Supplied material Start Marker
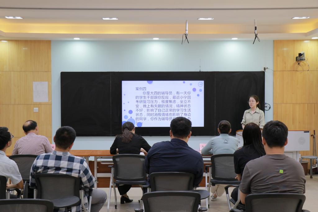 本次初赛在前期完成笔试阶段之后,由生情熟知和案例分析两个环节构成。生情熟知环节,是辅导员对自己学生信息的熟知情况。案例分析环节,参赛老师随机抽取案例,围绕案例中的问题本质、解决思路、实施办法及相关启示进行阐述。参赛老师思维敏捷、思路清晰、灵活应对,充分展示了学院辅导员积极向上的精神面貌和全面的综合素养。
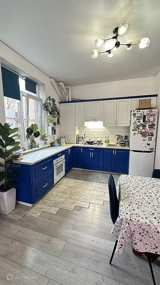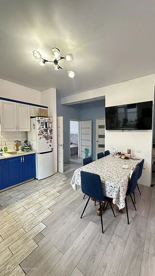 Кухня красивого цвета блюмарин, большая рабочая поверхность кухни. Остается вся техника Мidеа, холодильник. Колонна с выходом под тв.
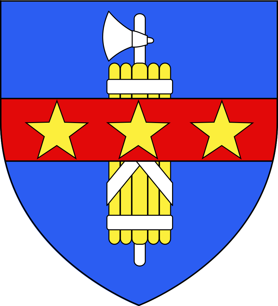 Le blason des Mazarin est "d'azur au faisceau de licteur d'or lié d'argent, la hache du même, à la fasce de gueules brochant sur le tout chargée de trois étoiles d'or" (1).
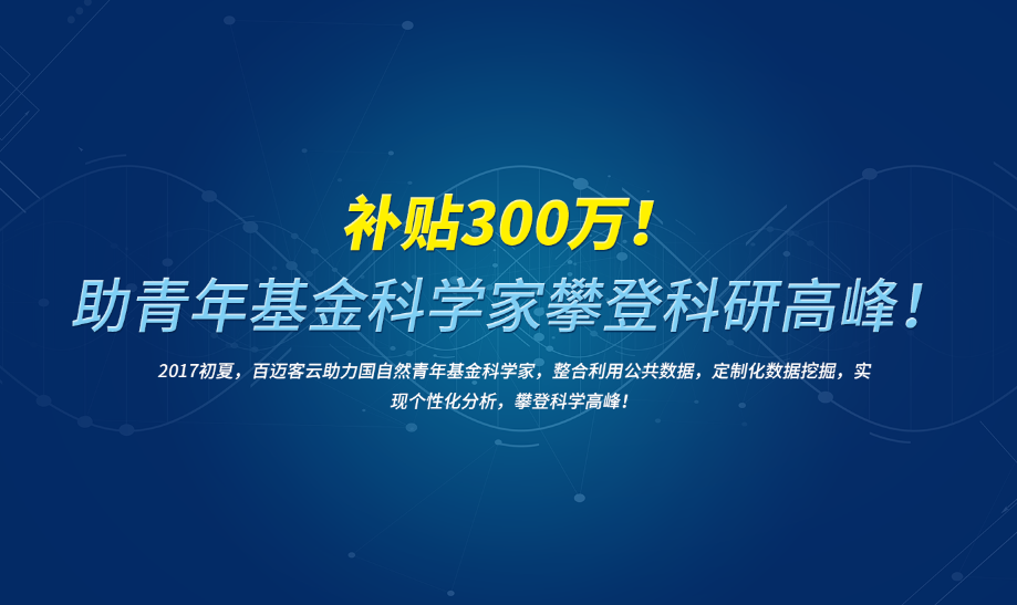 2017初夏,百邁客云助力國自然青年基金科學家,整合利用公共數據,定制化數據挖掘,實現個性化分析,攀登科學高峰!
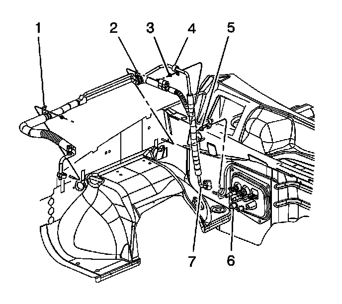 5. Remove the nuts (1, 2) retaining the evaporator tube to the fender.
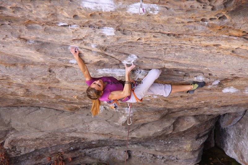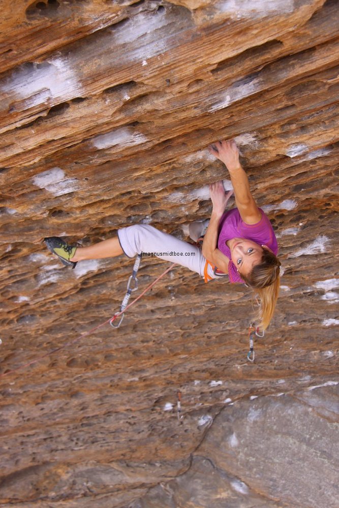 Der nächste Schlag gelang ihr zwei Tage später mit Mike Doyle's Lucifer. Für diese sehr kurze Boulderroute brauchte Sasha gerade mal 6 Versuche verteilt auf 3 Tage, genau so viele wie für Southern Smoke .
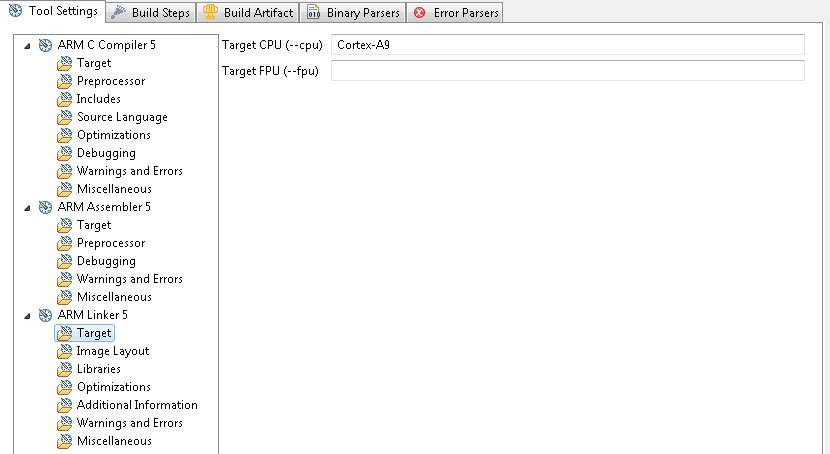 - Define the “Target CPU (--cpu)” as “Cortex-A9” in the Target section.
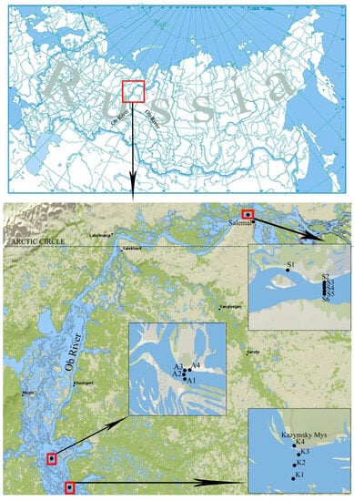 The Azovy transect (St. A) goes over the Little Ob river. The bottom of the left bank is covered with sand and organic silt; that of the right bank consists of solid sandy deposits. The Kazym-Mys transect (St. K) is located against Kazym-Mys village. The bottom of the right bank is formed by boulders and coarse pebbles intermitting with sand and organic silt in bays; that of the left bank is covered with solid coarse sandy deposits. The Salemal transect (St. C) is situated at the Ob river 8 km upstream from the Salemal village at the narrowing of the riverbed. The bottom of the right bank is covered with medium-sized and coarse pebbles and boulders; that of the left bank is formed by solid silt–clayey deposits with detritus.
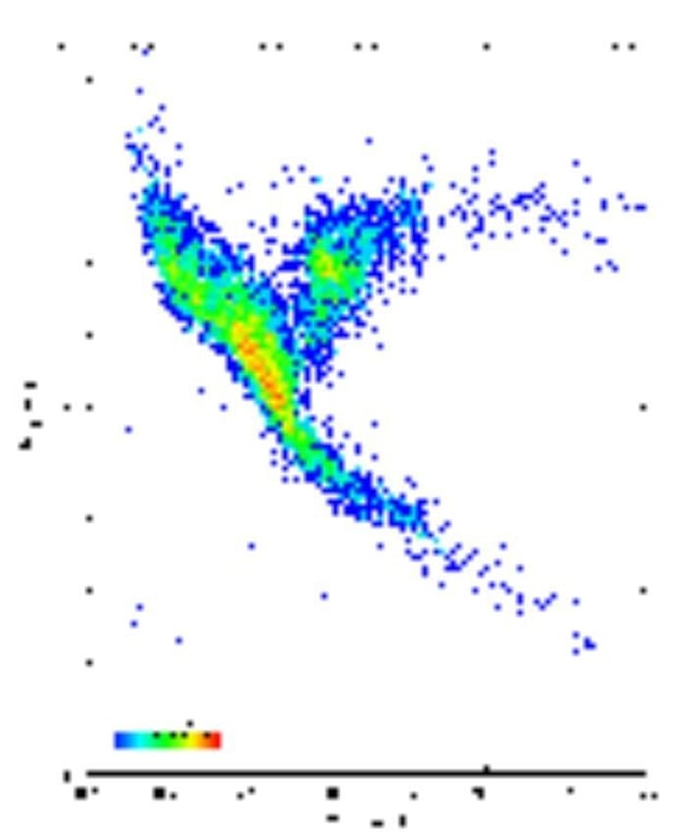 (Hertzsprung-Russell (M_Hp, V-I) diagram for the 41453 single stars from the Hipparcos Catalogue) ; Image credit: ESA
Supplied material End Marker
Exercise objective ▸ Reproduce the data above word for word, but leave the images out.

Solution to this problem ▸
 本次初赛在前期完成笔试阶段之后,由生情熟知和案例分析两个环节构成。生情熟知环节,是辅导员对自己学生信息的熟知情况。案例分析环节,参赛老师随机抽取案例,围绕案例中的问题本质、解决思路、实施办法及相关启示进行阐述。参赛老师思维敏捷、思路清晰、灵活应对,充分展示了学院辅导员积极向上的精神面貌和全面的综合素养。
 Кухня красивого цвета блюмарин, большая рабочая поверхность кухни. Остается вся техника Мidеа, холодильник. Колонна с выходом под тв.
 Le blason des Mazarin est "d'azur au faisceau de licteur d'or lié d'argent, la hache du même, à la fasce de gueules brochant sur le tout chargée de trois étoiles d'or" (1).
 2017初夏,百邁客云助力國自然青年基金科學家,整合利用公共數據,定制化數據挖掘,實現個性化分析,攀登科學高峰!
 5. Remove the nuts (1, 2) retaining the evaporator tube to the fender.
 Der nächste Schlag gelang ihr zwei Tage später mit Mike Doyle's Lucifer. Für diese sehr kurze Boulderroute brauchte Sasha gerade mal 6 Versuche verteilt auf 3 Tage, genau so viele wie für Southern Smoke .
 - Define the “Target CPU (--cpu)” as “Cortex-A9” in the Target section.
 The Azovy transect (St. A) goes over the Little Ob river. The bottom of the left bank is covered with sand and organic silt; that of the right bank consists of solid sandy deposits. The Kazym-Mys transect (St. K) is located against Kazym-Mys village. The bottom of the right bank is formed by boulders and coarse pebbles intermitting with sand and organic silt in bays; that of the left bank is covered with solid coarse sandy deposits. The Salemal transect (St. C) is situated at the Ob river 8 km upstream from the Salemal village at the narrowing of the riverbed. The bottom of the right bank is covered with medium-sized and coarse pebbles and boulders; that of the left bank is formed by solid silt–clayey deposits with detritus.
 (Hertzsprung-Russell (M_Hp, V-I) diagram for the 41453 single stars from the Hipparcos Catalogue) ; Image credit: ESA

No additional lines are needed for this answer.